> [What is required] Lines from the one holding "Peavey PBK 15" through the end of the entries, inclusive, form the whole output; reproduce them exactly and omit pictures.

Data extract: Begin

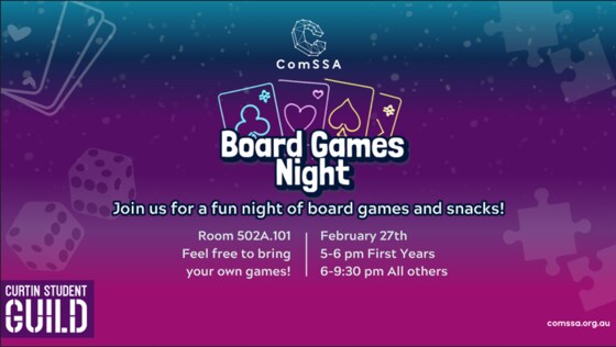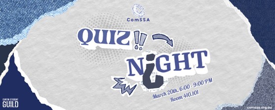 Hey everyone! 🎉 Think you’ve got what it takes to win the ComSSA Quiz Night? 🌟    Join ComSSA Quiz Night for an evening of fun, friendly competition, and challenging questions! Test your knowledge across general knowledge, computing, riddles, and trivia. Take part in mini games throughout the night for extra excitement and prizes for the winners of the quiz night. 🏆   Whether you're a trivia expert or just coming for a fun night with friends, everyone is welcome!   How it works: - Form a team of up to 6 people and compete together throughout the night. - Don’t have a full team? No worries, you can still join and we’ll help place you in a team on the night! - Joining individually? You can still join, we can place you in a team on the night! - You can also compete with fewer than 6 teammates if you prefer.   🍽️ Food and beverages will be provided   So gather your friends, bring your thinking caps, and get ready for a night of quizzes, mini games, and great company. We hope to see you there! 🎲   Quiz Night Details 📅 Date: Friday, 20th of March ⏳ Time: 6:00PM – 9:00PM 📍 Location: Building 410, Room 101 🎟️ Tickets: $5 for Members, $10 for Non-members Sign up your team or register individually using this link: https://forms.gle/B3QkRQTLpbyErfTp6
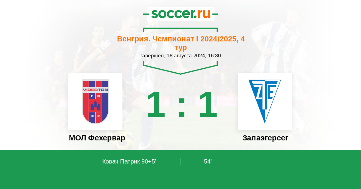Протокол матча МОЛ Фехервар против Залаэгерсег
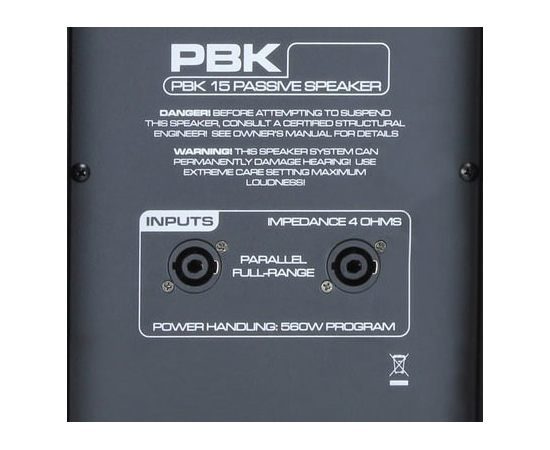 Peavey PBK 15 - недорогая пассивная акустическая система в пластиковом корпусе. Оборудована 15-дюймовым низкочастотным и 1,4-дюймовым высокочастотным динамиком.
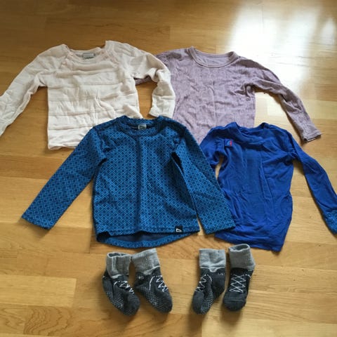 Klespakke med ulldress, fleecedress, balaclava i ull og bomull og ulltrøye og stillongs
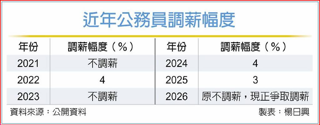 今周刊編按:73萬名軍公教加薪有譜?2026年軍公教原不調薪,現正爭取中!行政院人事總處人事長蘇俊榮周四(3/25)表示,正向行政院爭取今年軍公教調薪機會,擬在4月向卓揆報告。

Data extract: End

> [Your response]
 Peavey PBK 15 - недорогая пассивная акустическая система в пластиковом корпусе. Оборудована 15-дюймовым низкочастотным и 1,4-дюймовым высокочастотным динамиком.
 Klespakke med ulldress, fleecedress, balaclava i ull og bomull og ulltrøye og stillongs
 今周刊編按:73萬名軍公教加薪有譜?2026年軍公教原不調薪,現正爭取中!行政院人事總處人事長蘇俊榮周四(3/25)表示,正向行政院爭取今年軍公教調薪機會,擬在4月向卓揆報告。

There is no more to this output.